Advantageously, the extraction model 105 uses a free-form semantic embedding 162 as the conditioning input. Unlike systems that may be limited to a predefined vocabulary or a discrete set of sound classes, the disclosed approach can process natural language text descriptions of arbitrary sounds. This is achieved by using the semantic encoder 160 to convert a descriptive text string, such as “a person playing a guitar” or “a dog barking,” into a rich, high-dimensional semantic embedding vector 162. This technical implementation provides greater flexibility and adaptability, enabling the extraction model 105 to isolate a wide variety of sounds without being constrained to a fixed classification scheme. The extraction model 105 may thereby handle a more diverse range of real-world acoustic scenes and user requests.

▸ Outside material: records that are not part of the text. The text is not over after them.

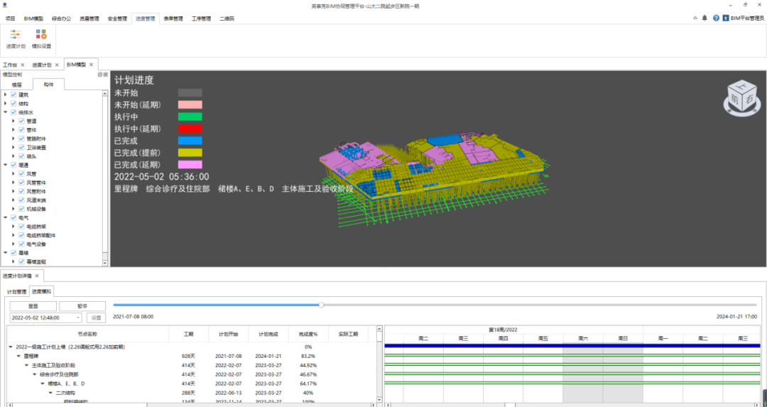 結(jié)合項(xiàng)目結(jié)構(gòu)超限設(shè)計(jì)的實(shí)際,為從根本上解決因后澆帶設(shè)置過多而產(chǎn)生的進(jìn)度、質(zhì)量、安全文明問題,論證實(shí)施了“跳倉法”施工工藝,按“塊料規(guī)劃、塊料施工、分層澆注、整體成型”的原則施工,加大資源調(diào)配力度,在節(jié)約工期的同時(shí),實(shí)現(xiàn)文明施工、質(zhì)量控制、進(jìn)度管理有益結(jié)合。深入推進(jìn)BIM全過程管理應(yīng)用,實(shí)現(xiàn)以BIM模型為基礎(chǔ)的三維圖紙審查、碰撞檢測、凈高分析、設(shè)計(jì)方案比選、施工模型深化、管線綜合、進(jìn)度模擬、數(shù)據(jù)共享等功能,為施工方案編制論證、進(jìn)度檢查反饋、圖紙審查評價(jià)等多方面提供了多維度的強(qiáng)大支持。
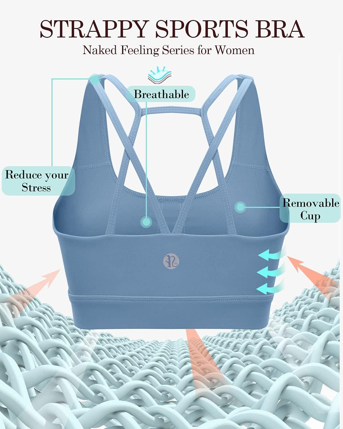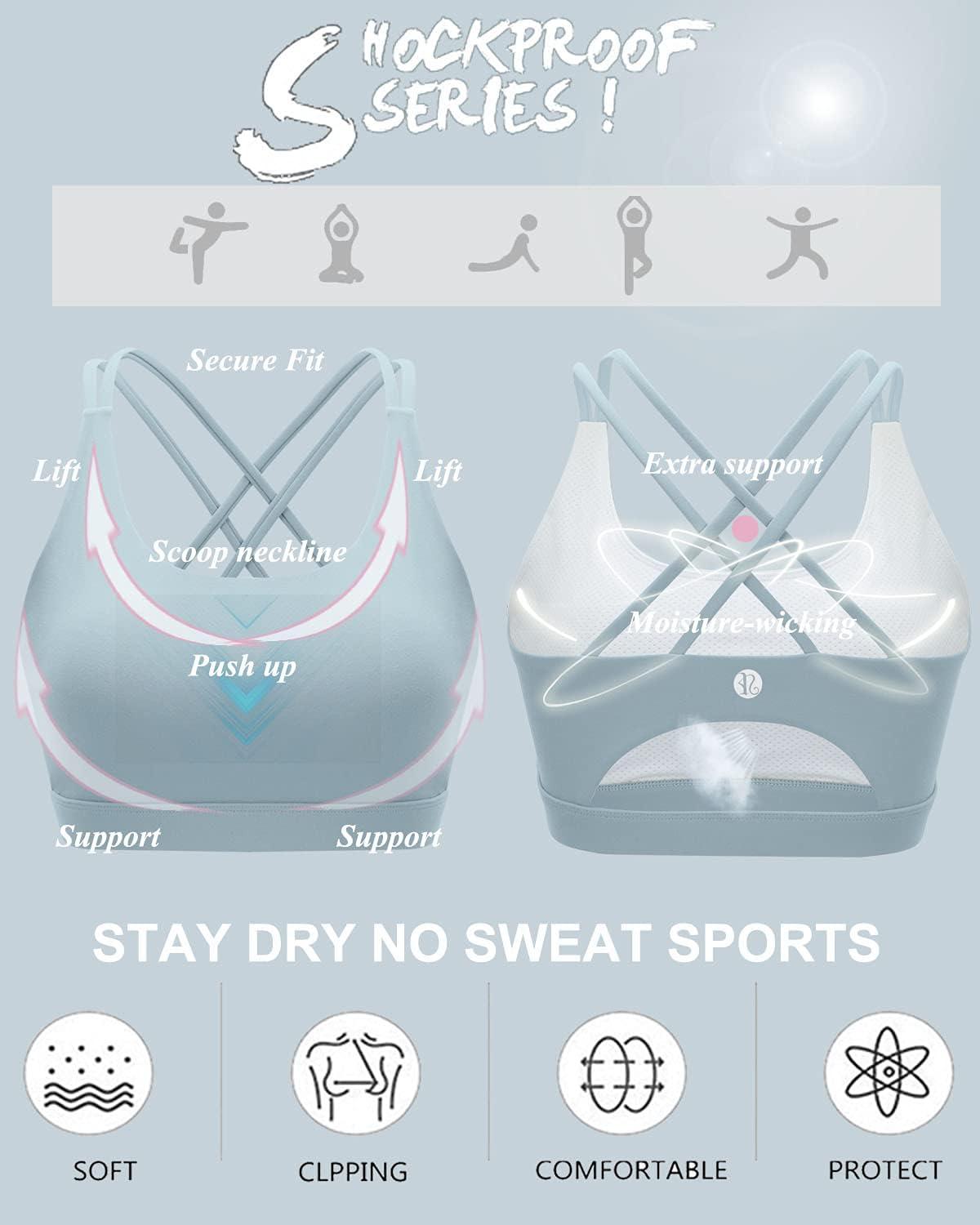 RUNNING GIRL High Impact Sports Bras for Women – Scoop Neck Strappy Sports Bra High Support Moulded Cup Workout Bra(A-light Blue)
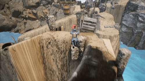 또한 맨몸으로 점프해서 건너기 어려울정도로 멀리있는 구간인데 다행히 옆쪽으로 벽이 있다면 그쪽에 방패를 던져 발판을 만들어서 건널수있다.
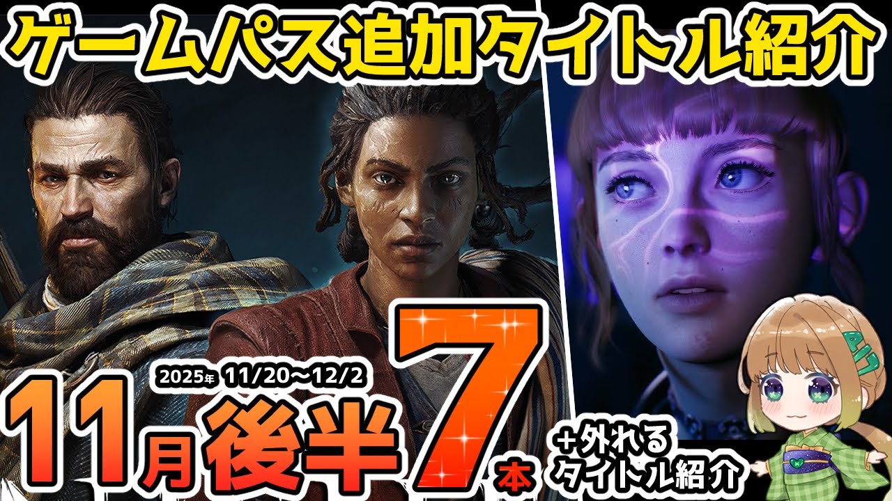 2025年11月後半にゲームパスに追加されるタイトル全てと
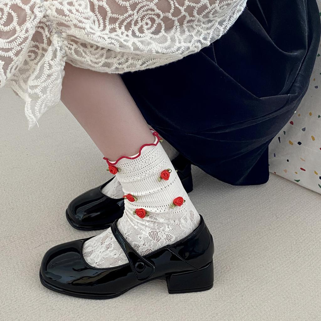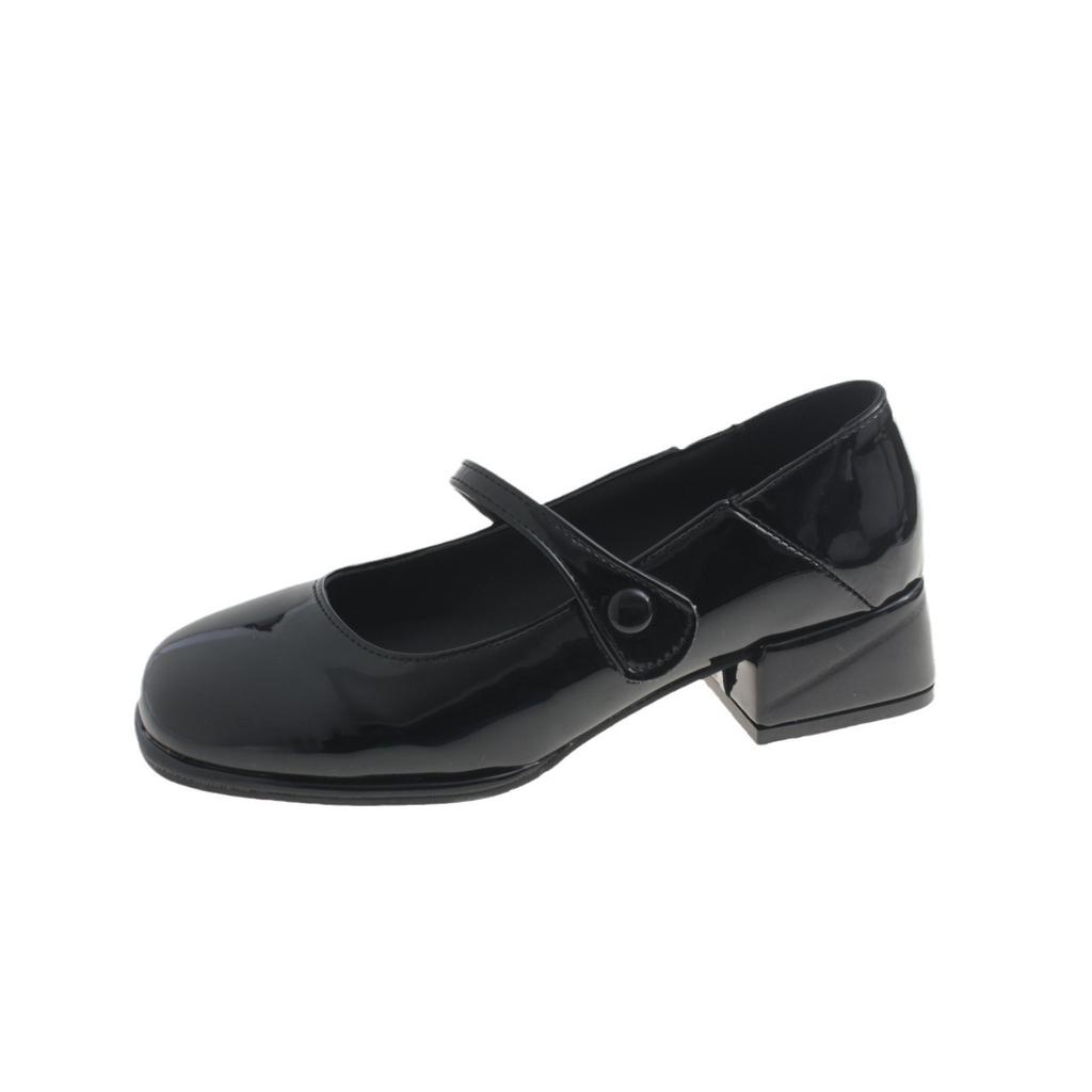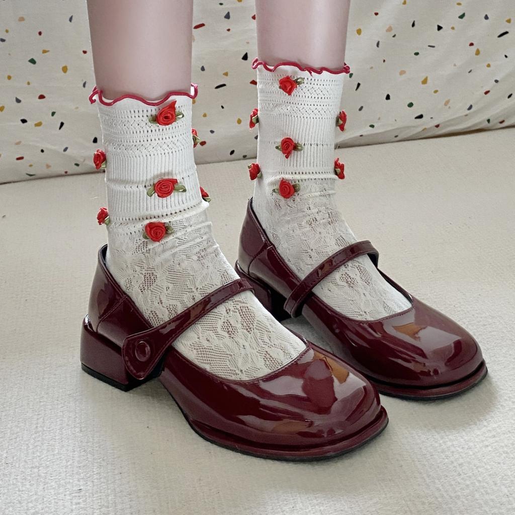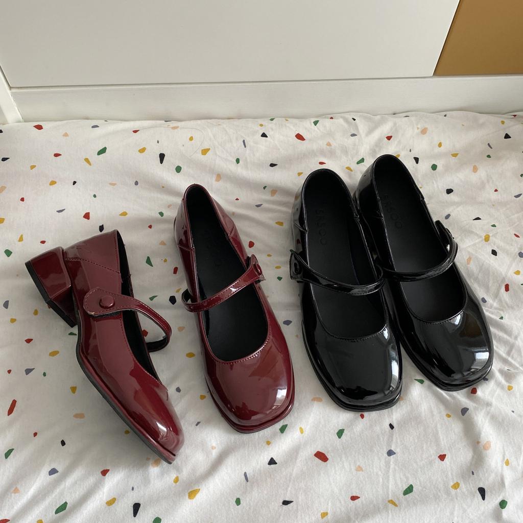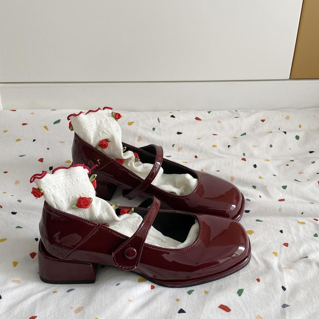 Французские ретро туфли Мэри Джейн Красные маленькие кожаные туфли Женские туфли с одним словом Пряжка Круглая головка Толстый каблук Маленькие ароматные одинарные туфли

Moreover, the architecture of the extraction model 105 itself presents a further improvement. By employing a symmetric encoder-decoder U-net neural network, the extraction model 105 efficiently processes the ambisonic recording 102 to reconstruct the target sound field. The use of FiLM modules 240 provides an effective mechanism for integrating the combined spatial and semantic conditioning information throughout the neural network 200. The conditioning vector 182 is input into FiLM modules 240 at multiple layers of the encoder and decoder paths, allowing the directional and semantic information to dynamically modulate the feature maps at various stages of processing. This deep integration of conditioning information enables the neural network 200 to more precisely adapt its filtering operations, leading to a higher fidelity separation of the target sound from the mixed ambisonic recording.
FIG. 5 is a schematic view of an example computing device 500 that may be used to implement the systems and methods described in this document. The computing device 500 is intended to represent various forms of digital computers, such as laptops, desktops, workstations, personal digital assistants, servers, blade servers, mainframes, and other appropriate computers. The components shown here, their connections and relationships, and their functions, are meant to be exemplary only, and are not meant to limit implementations of the inventions described and/or claimed in this document.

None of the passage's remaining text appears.